1°) d’annuler les articles 2 à 6 de l’arrêté n° 4770 MSR du 8 juin 2016 autorisant l’association polynésienne pour l’utilisation du rein artificiel (APURAD) à exercer sur le site du centre hospitalier de la Polynésie française (CHPF) dénommé La Rotonde l’activité de soins « traitement de l’insuffisance rénale chronique par épuration extrarénale » selon la modalité « hémodialyse en unité de dialyse médicalisée » pour prendre en charge annuellement 48 patients ;

2°) de mettre à la charge de la Polynésie française une somme de 500 000 F CFP  au titre de l’article L. 761-1 du code de justice administrative.

Les sociétés requérantes soutiennent que :

- l’arrêté est entaché d’incompétence ;

- l’autorisation a été accordée postérieurement à l’installation de l’activité de dialyse de l’APURAD au CHPF, en méconnaissance des dispositions de l’article 26 de la délibération n° 202-169 du 12 décembre 2002 ;

- la note de synthèse du 6 octobre 2016 insiste sur le fait que le positionnement idéal des unités de dialyse médicalisée serait à Faa’a et au niveau de la presqu’île de Tahiti, de sorte que l’autorisation accordée à l’APURAD est entachée d’erreur manifeste dans l'appréciation des besoins de la population ;

 - l’arrêté autorise l’APURAD à exercer une activité pour laquelle elle bénéficiait d’une autorisation d’occupation des locaux du CHPF et de financements de l’agence française de développement, partenaire de la Polynésie française ; ainsi, il constitue une procédure déguisée de délégation de service public, ce qui l’entache de détournement de procédure ;

- l’arrêté entérine un traitement de faveur au bénéfice de l’APURAD qui bénéficie d’un quasi monopole de fait concernant les unités de dialyse médicalisées ; il est illégal en raison de ses effets anticoncurrentiels.

Le mémoire présenté pour les SARL Tahiti Nephro 1 et Tahiti Nephro 2, enregistré postérieurement à la clôture de l’instruction le vendredi 14 avril 2017, jour férié en Polynésie française, n’a pas été communiqué.
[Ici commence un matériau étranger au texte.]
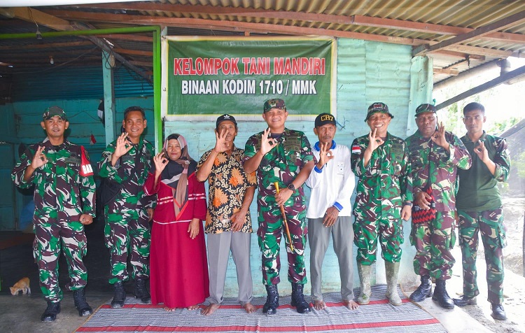 SINARPAGINEWS.COM, TIMIKA – Dandim 1710/Mimika Letkol Inf M. Slamet Wijaya, S.Sos,. M.Han,.M.A. didampingi Pasiter dan Babinsa setempat melakukan peninjauan ke lahan percontohan ketahanan pangan Kodim 1710/Mimika milik Kelompok Tani “Mandiri” yang merupakan binaan Kodim berlokasi di Kel. Wonosarijaya, Distrik Wania, Kab. Mimika, Jumat (13/06/2025). Peninjauan ini bertujuan untuk mempelajari dan mengetahui sampai sejauh mana program ketahanan pangan yang telah dilaksanakan di wilayah Kodim 1710/Mimika dengan pendampingan Babinsa.
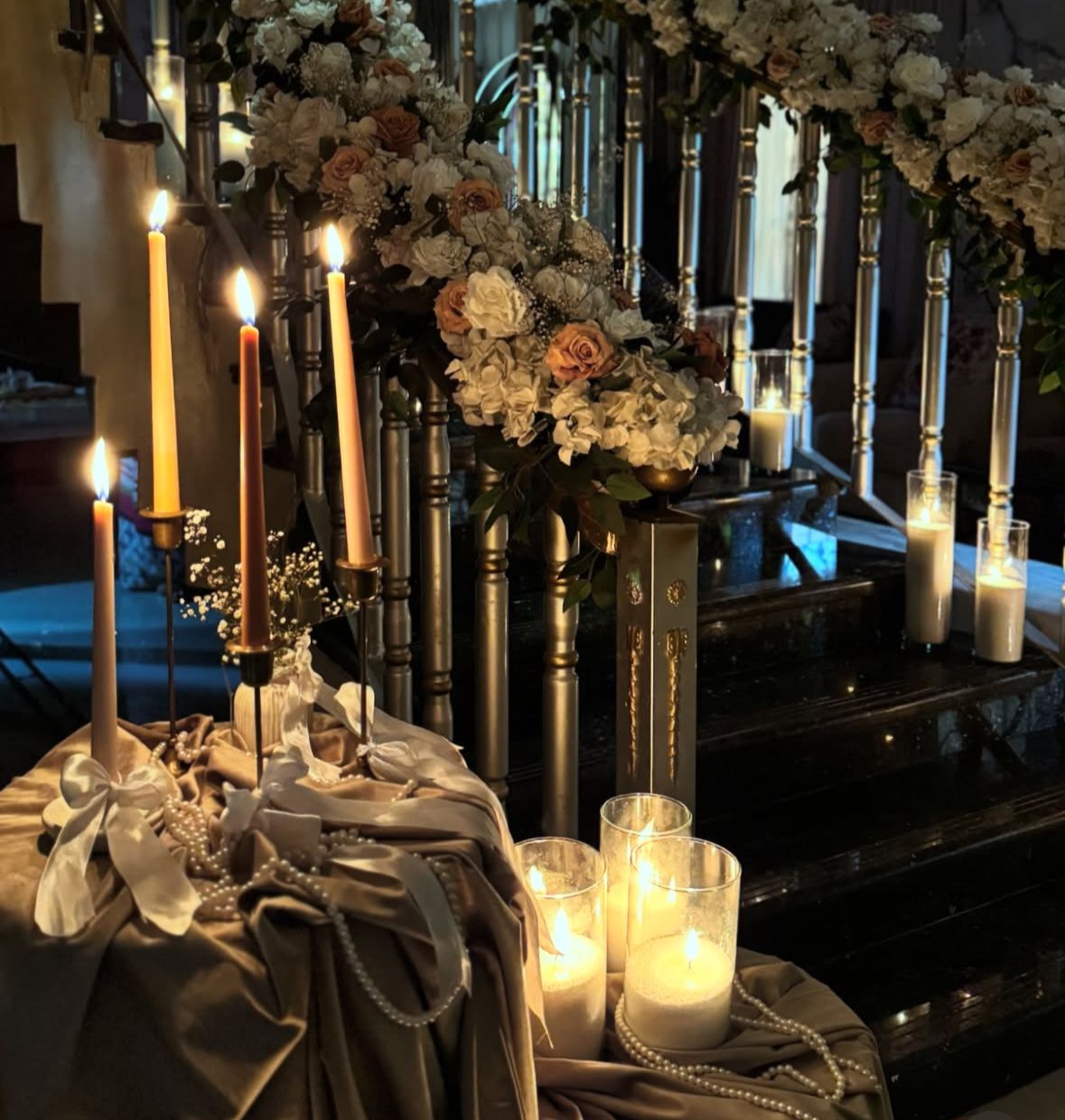 - حاملات الشموع: تعكس حاملات الشموع في حفل الزفاف والمرصّعة باللؤلؤ، الضوء بشكل رائع، ويمكن تنسيقها مع شمعدانات كريستالية لمضاعفة التأثير الرومانسـي.
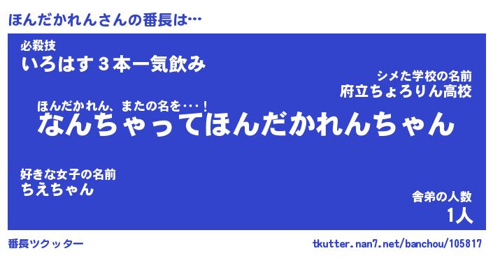 | ポケモン風あだ名 | 『ホンチュウ』『ホンダダネ』 |
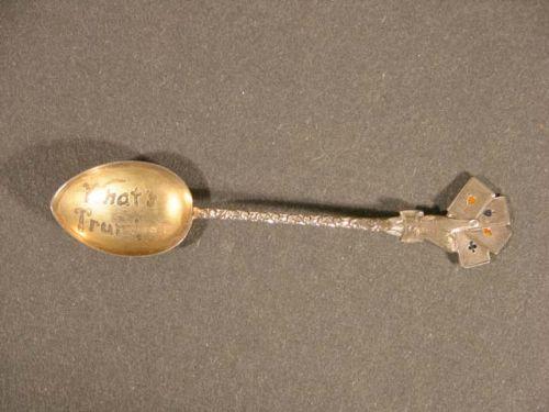 Sterling silver souvenir spoon with playing card enameled handle. "Whist 1893" on back. "Whats trump" on bowl. 4" Ex. cond.
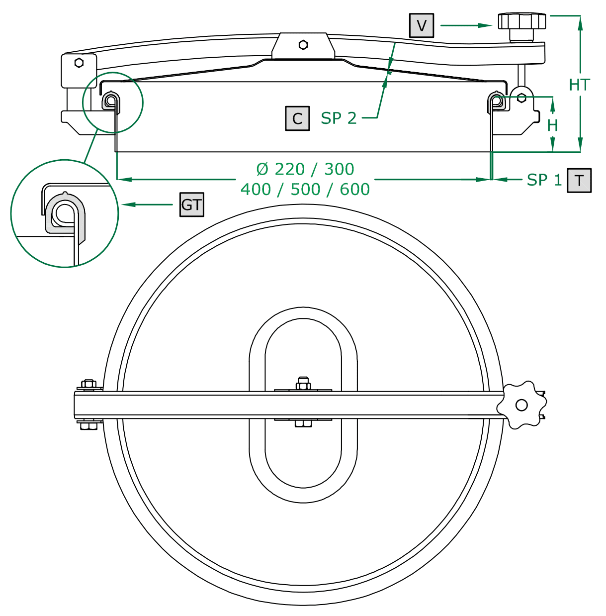 Антизастойная крышка круглого люка с откидным и поворотно-боковым открытием
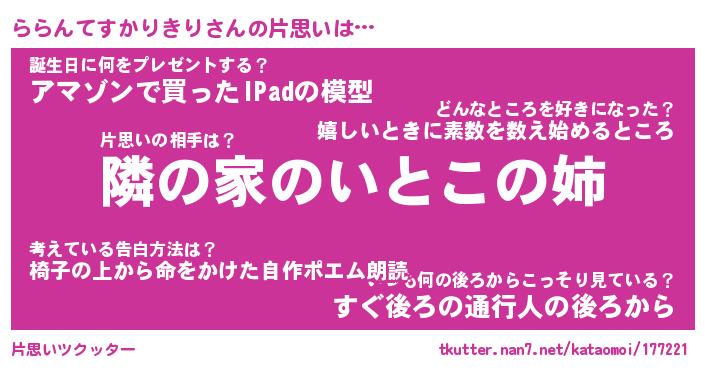 | 胡散臭い通販商品みたいなあだ名 | 『モテモテ間違いなし霊験あらたかなお札…その名も「ららんてすかりきり」』 |
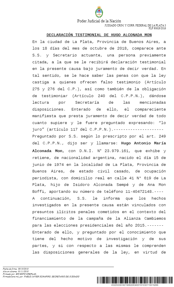 El periodista Hugo Alconada Mon declaró ante el juez Ernesto Kreplak en la causa por los aportes truchos de Cambiemos y dio detalles del dinero negro, el uso de cuevas financieras, y el transporte de fortunas en aviones y camiones para financiar la campaña.
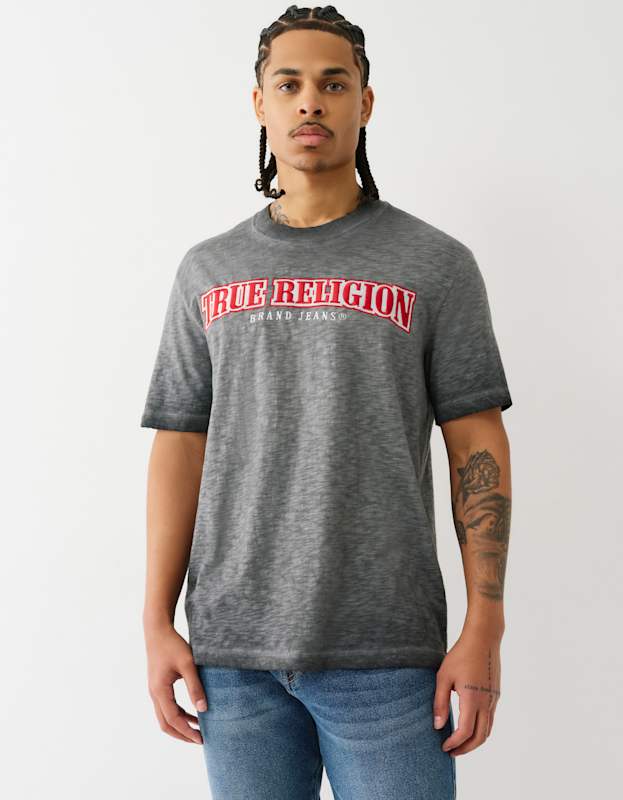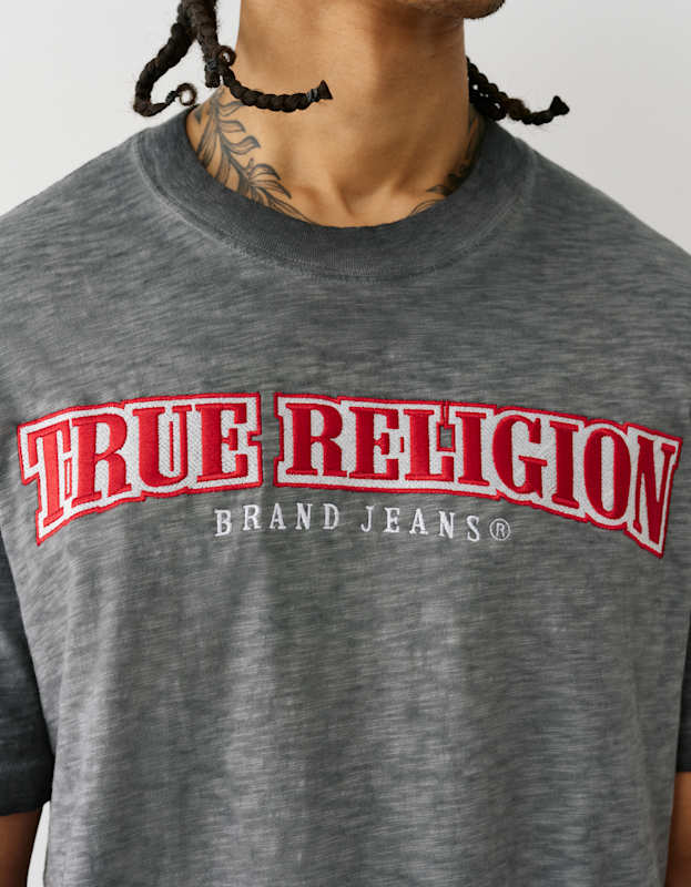 True Religion SS Embro Arch Logo Tee Jet Black Elevate your casual rotation with this iconic True Religion short-sleeve tee, featuring the brand's signature embroidered arch logo across the chest. Crafted in jet black for versatile styling, this piece delivers the premium quality and recognizable heritage that defines True Religion's aesthetic. The embroidered detailing adds dimension and authenticity, making it a standout essential that pairs effortlessly with denim or tailored pieces. Perfect for those who appreciate understated luxury and timeless streetwear appeal.
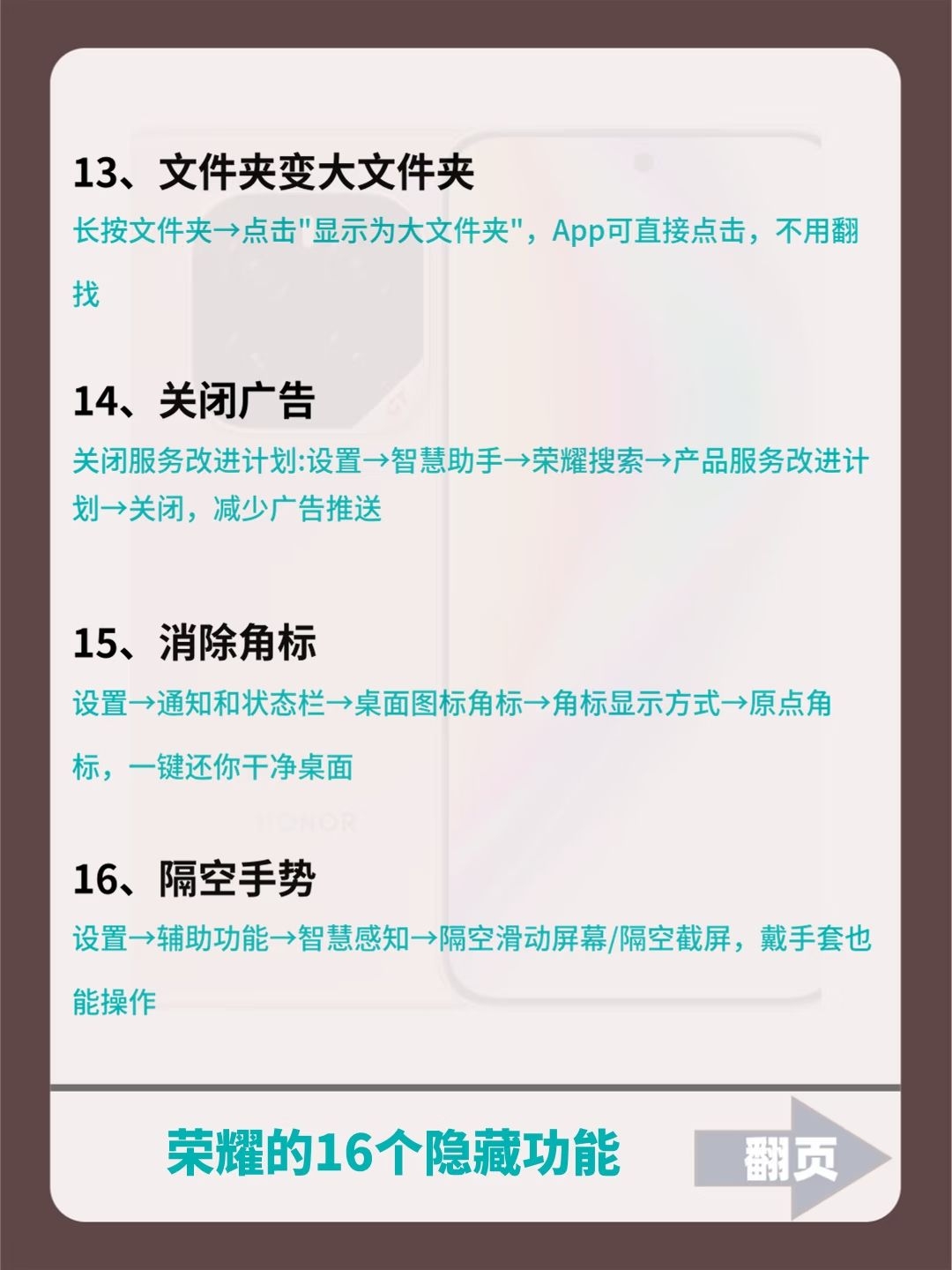 【荣耀手机的21个隐藏功能!不会=白买! 用荣耀手机的有福啦🙌 感觉换了个新手机!】,由用户 数码少帅 分享,来自浙江。这是一篇来自识货社区的真实用户分享笔记。
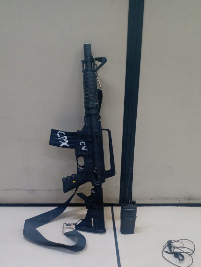 Um simulacro de fuzil e um rádio comunicador foram apreendidos pelos agentes
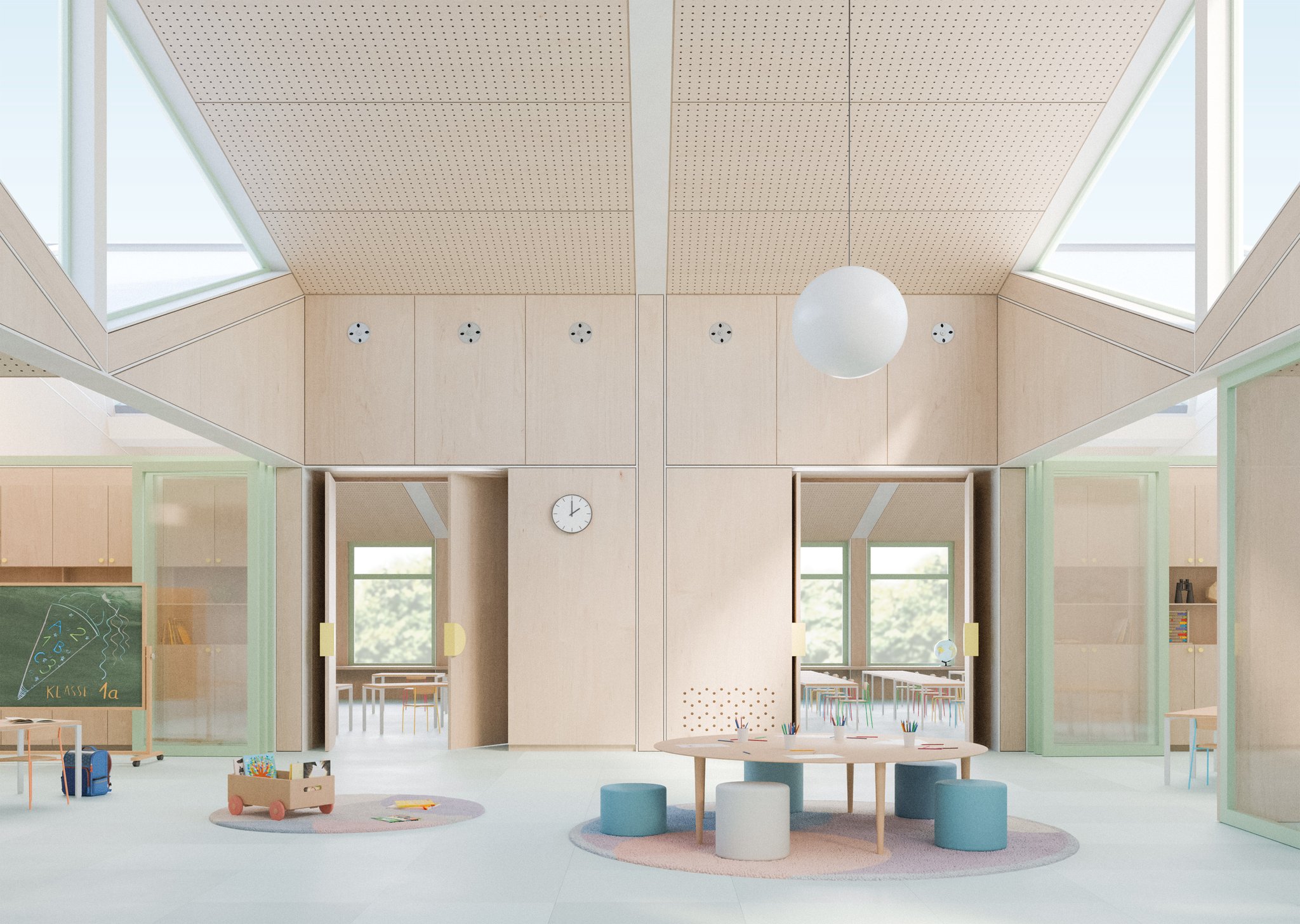 Die Klassenräume sind nach dem Cluster-Prinzip organisiert. Kleine, überschaubare Einheiten bieten Raum für unterschiedliche Unterrichtsformen, fördern Begegnung und unterstützen individuelle Lernwege. Eine raumhohe Glasfront gewährt Einblicke in die Doppelturnhalle, während die Aula als eigenständiger kultureller Raum gestaltet ist.
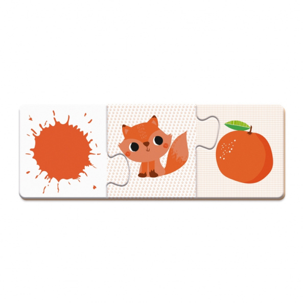 За допомогою набору пазлів можна вивчити назви кольорів і відтінків. Гра для покращення асоціативного мислення і візуального сприйняття. Виберіть колір, знайдіть відповідну тварину, а потім пов'язаний об'єкт, щоб створити свою головоломку! Ця гра асоціації ідеально підходить для розвитку моторних навичок дитини. У наборі 30 деталей для складання 10 асоціативних картинок.
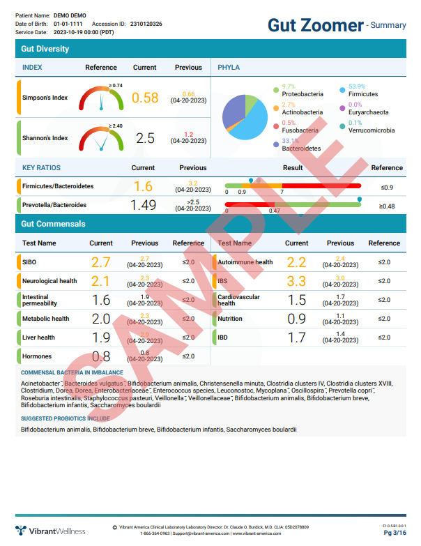 The Vibrant Gut ZoomerTM also provides patients with an actionable report that includes dietary recommendations and other natural supplementation like prebiotics, probiotics, and polyphenols.

Par un mémoire enregistré le 29 septembre 2016, présentée par Me Marchand, avocat, l’APURAD conclut à titre principal au rejet de la requête et à titre subsidiaire au report dans le temps les effets d’une éventuelle annulation, et demande au tribunal de mettre à la charge des SARL Tahiti Nephro 1 et Tahiti Nephro 2 une somme de 300 000 F CFP au titre de l’article L. 761-1 du code de justice administrative.

Elle soutient que :

- aucune pièce n’est produite pour justifier de la capacité à agir des sociétés requérantes ;

- les SARL Tahiti Nephro 1 et 2 n’ont pas intérêt à agir du fait de la zone géographique concernée ; en tout état de cause, leur intérêt à agir n’est pas légitime ;

- les moyens ne sont pas fondés ;

- eu égard à la nécessité de ne pas priver les patients du traitement vital dont ils ont besoin, il est demandé de différer l’entrée en vigueur d’une éventuelle annulation.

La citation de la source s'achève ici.